--- START ---
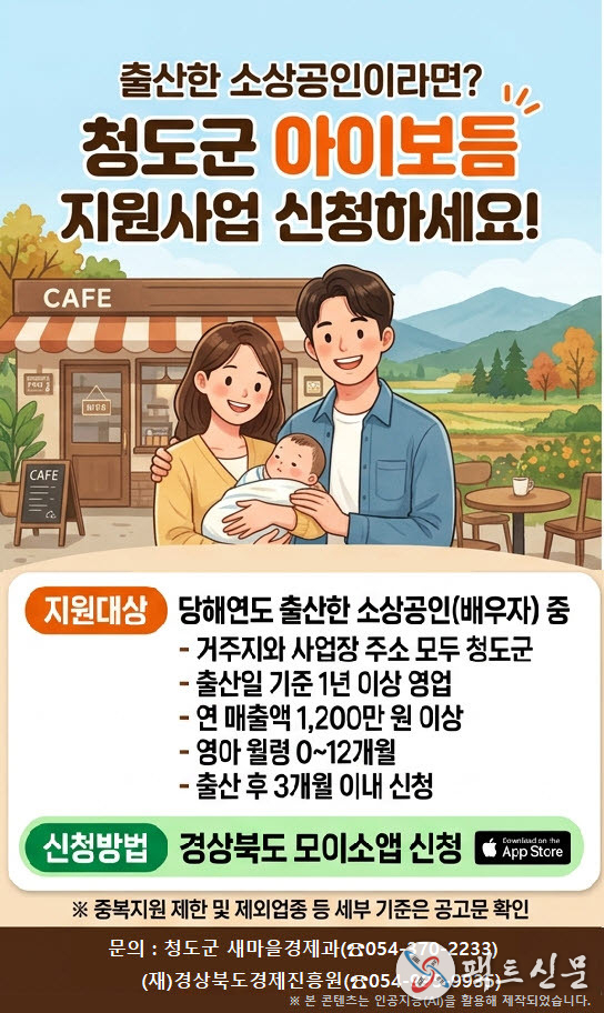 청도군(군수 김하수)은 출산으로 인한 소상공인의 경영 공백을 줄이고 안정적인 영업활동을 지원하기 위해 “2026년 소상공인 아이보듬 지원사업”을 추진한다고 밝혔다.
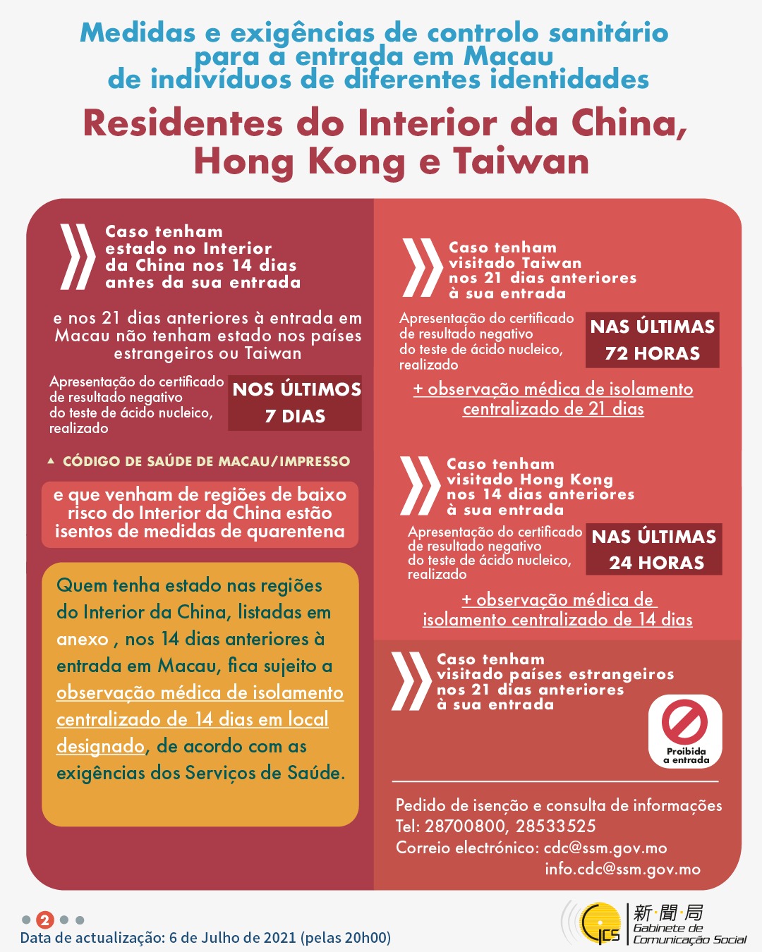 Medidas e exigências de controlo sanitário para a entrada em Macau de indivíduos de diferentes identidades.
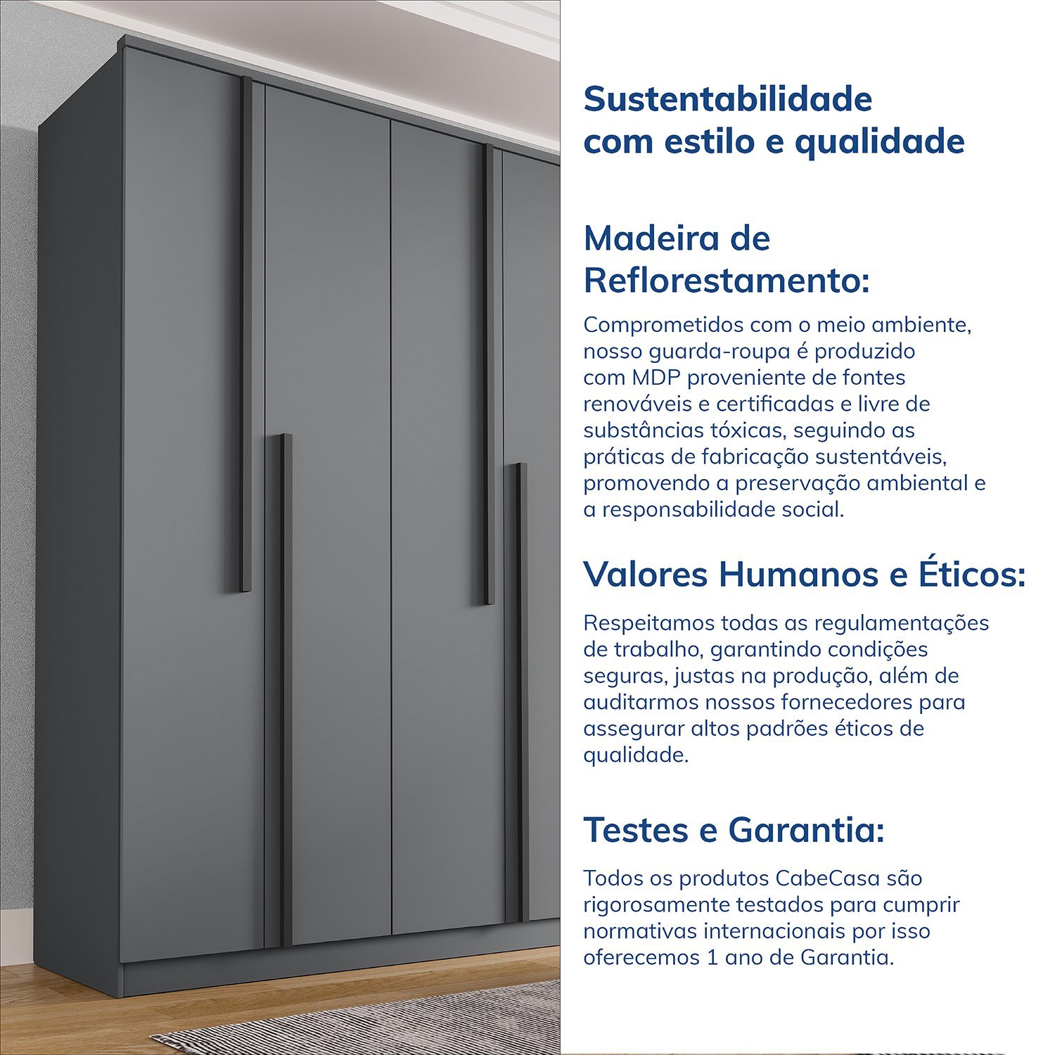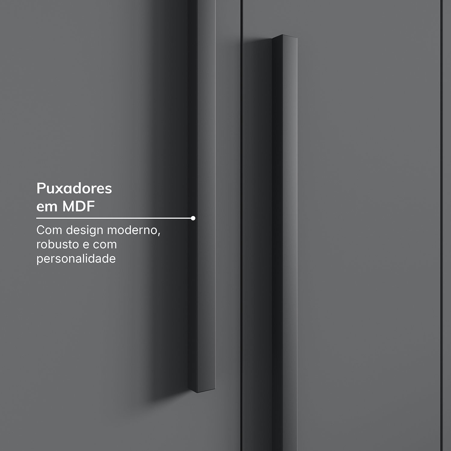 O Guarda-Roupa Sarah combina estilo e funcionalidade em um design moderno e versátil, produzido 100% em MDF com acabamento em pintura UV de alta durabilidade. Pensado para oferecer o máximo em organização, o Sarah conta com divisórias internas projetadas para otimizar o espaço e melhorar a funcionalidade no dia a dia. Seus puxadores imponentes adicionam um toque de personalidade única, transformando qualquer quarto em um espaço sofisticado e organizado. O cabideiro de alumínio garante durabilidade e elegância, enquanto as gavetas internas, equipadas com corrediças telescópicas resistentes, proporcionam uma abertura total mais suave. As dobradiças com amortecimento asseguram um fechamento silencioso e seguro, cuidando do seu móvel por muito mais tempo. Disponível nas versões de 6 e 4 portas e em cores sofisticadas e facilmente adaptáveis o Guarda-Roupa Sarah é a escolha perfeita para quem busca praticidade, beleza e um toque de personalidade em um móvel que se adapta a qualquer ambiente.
--- END ---
> **Your assignment**
Please print the data above once more, exactly and without images.

> **Output of the task**
 청도군(군수 김하수)은 출산으로 인한 소상공인의 경영 공백을 줄이고 안정적인 영업활동을 지원하기 위해 “2026년 소상공인 아이보듬 지원사업”을 추진한다고 밝혔다.
 Medidas e exigências de controlo sanitário para a entrada em Macau de indivíduos de diferentes identidades.
 O Guarda-Roupa Sarah combina estilo e funcionalidade em um design moderno e versátil, produzido 100% em MDF com acabamento em pintura UV de alta durabilidade. Pensado para oferecer o máximo em organização, o Sarah conta com divisórias internas projetadas para otimizar o espaço e melhorar a funcionalidade no dia a dia. Seus puxadores imponentes adicionam um toque de personalidade única, transformando qualquer quarto em um espaço sofisticado e organizado. O cabideiro de alumínio garante durabilidade e elegância, enquanto as gavetas internas, equipadas com corrediças telescópicas resistentes, proporcionam uma abertura total mais suave. As dobradiças com amortecimento asseguram um fechamento silencioso e seguro, cuidando do seu móvel por muito mais tempo. Disponível nas versões de 6 e 4 portas e em cores sofisticadas e facilmente adaptáveis o Guarda-Roupa Sarah é a escolha perfeita para quem busca praticidade, beleza e um toque de personalidade em um móvel que se adapta a qualquer ambiente.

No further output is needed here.